The TIC Salut Social Foundation and Bioinformatics Barcelona will generate synthetic health data to aid research on artificial intelligence

The TIC Salut Social Foundation has signed a collaboration agreement with Bioinformatics Barcelona (BIB) to define and carry out joint actions to develop and use information technologies in the field of health services for people. The first project will consist of generating synthetic data that can meet the challenges of the Health/AI programme and be used in artificial intelligence research in the field of health.  

Joan Guanyabens, the director of the TIC Salut Social Foundation, highlighted that “The alliance with BIB will enable us to test the methodology to assess the quality of the synthetic data we have developed, as well as explore the behaviour of artificial intelligence algorithms in health, by incorporating data of this kind that simulate real data.”  

Dr Ana Ripoll, the president of BIB, stated that “In this collaboration, BIB research groups will apply their knowledge and experience of generating synthetic data, which will allow the limitations of real data to be transformed into opportunities to advance both research and generation of industrial solutions and teaching, thus contributing to tackling the health problems that affect us.” 

What are synthetic data? 

Synthetic data are artificial data that are generated from real data, keeping the same statistical distribution and characteristics, so that they can be analysed to draw statistical conclusions equivalent to those that would be drawn with the real data. In other words, synthetic data allow artificial intelligence models to be trained in a manner less intrusive of individuals’ privacy, because the data used in the training process do not directly refer to any identified or identifiable person.   

Synthetic data can be used in the various environments and scenarios for which they have been created safely and in compliance with the General Data Protection Regulation (GDPR) of the European Union, which only allows real health data to be used in very specific and limited research environments.  

Synthetic data is generally created with the help of various artificial intelligence techniques.
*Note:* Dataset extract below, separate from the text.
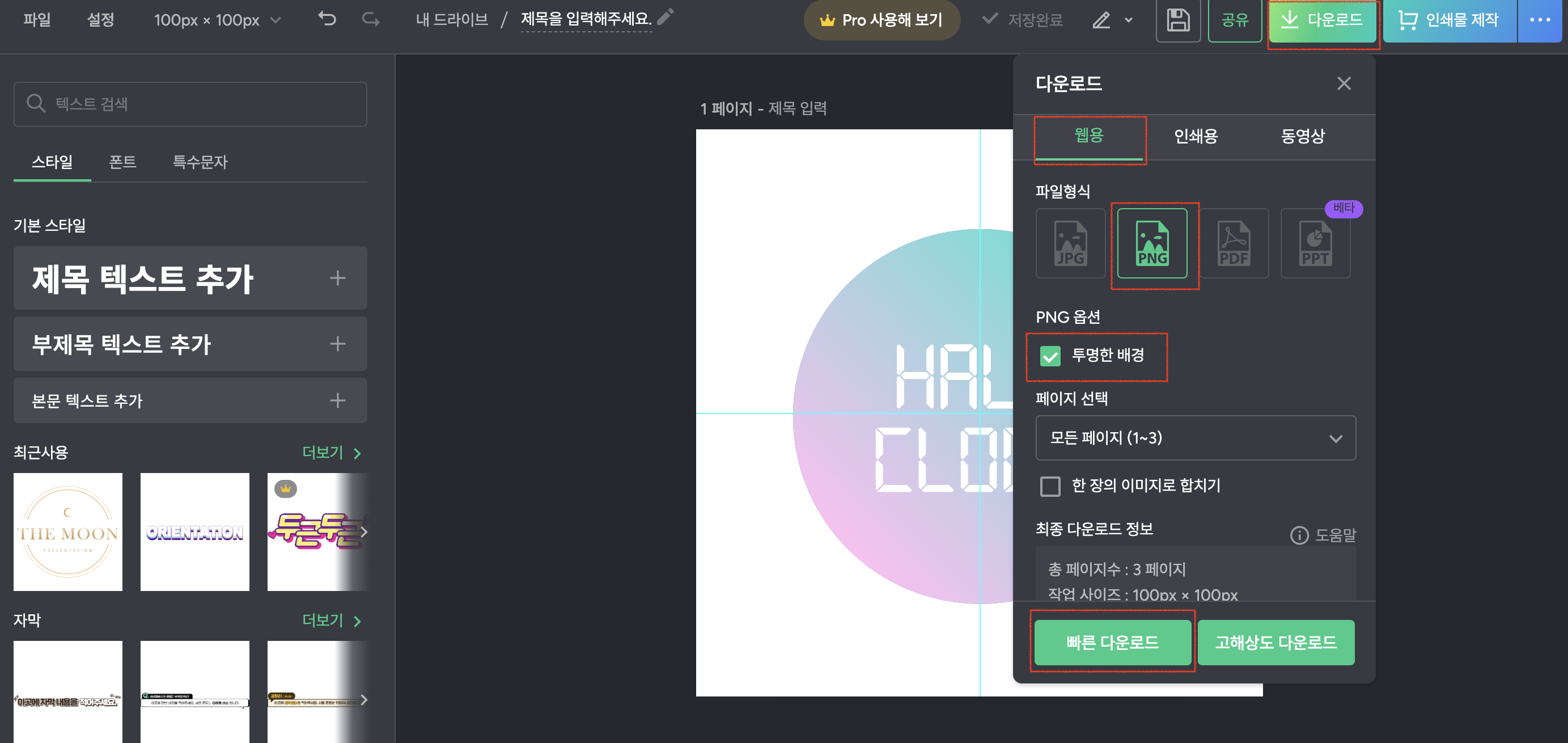 이렇게 디자인하고 PNG로 저장해 줍시다.

They can thus be created using simulation models with data augmentation and oversampling techniques, among others. Generative Adversarial Neural Networks (GANs) and Variational Autoencoders (VAEs) are the state-of-the-art synthetic data generation methods. 

The Health/AI Programme’s challenges 

The synthetic data that will be created from the collaboration with BIB will be used within the framework of the Health/AI Programme’s challenges. The challenges seek to evaluate artificial intelligence solutions that help solve specific problems in the health care field and come in the form of a public and open call for projects. A challenge is currently underway to find solutions to support the diabetic retinopathy process that are integrated and interoperable in primary care in Catalonia’s comprehensive health system for public use. Other challenges are being prepared to find artificial intelligence solutions for dermatology and the exploitation of diagnostic tests such as chest x-rays and electrocardiograms, among others.  
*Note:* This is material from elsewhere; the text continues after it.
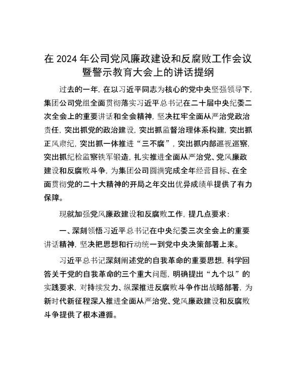 在2024年公司党风廉政建设和反腐败工作会议暨警示教育大会上的讲话提纲 2024-02-19 Word模板 107 购买前,请一定要先点击这里看看,欢迎持续关注,精彩模板每天推送 预览结束,本文件为word文档,一共4页,共1826字,请购买后,下载后查看 购买前,请一定要先点击这里看看,欢迎持续关注,精彩模板每天推送 资源下载下载价格29 RMBVIP免费升级VIP点击检测网盘有效后购买有任何充值和下载问题请加微信:xuexixuexi66 0 演讲发言

Apart from the use of synthetic data by the programme, the alliance with BIB will also enable us study other use cases and how these data can be made available to other parties that may be interested in artificial intelligence research in the field of health. This field needs to have the largest possible volume of data and a diversity that represents the entire population.  
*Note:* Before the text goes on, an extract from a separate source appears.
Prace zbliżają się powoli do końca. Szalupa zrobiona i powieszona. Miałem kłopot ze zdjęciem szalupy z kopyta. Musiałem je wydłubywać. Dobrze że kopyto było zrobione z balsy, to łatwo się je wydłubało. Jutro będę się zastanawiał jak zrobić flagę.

About Bioinformatics Barcelona (BIB) 

BIB is the non-profit association that brings together more than 50 public and private partners in the life sciences sector, including academic, technological and hospital centres, as well as large scientific infrastructures and companies, to promote knowledge generation in the field of bioinformatics. BIB’s partner organisations cover the activities in the entire bioinformatics value chain, from acquisition and preparation of the data to generation of new knowledge and the creation of specific solutions, including all the intermediate stages of advanced analysis, data interpretation, prototyping and validation. 

  • Synthetic data generated using artificial intelligence techniques can be used in research in compliance with data protection regulations.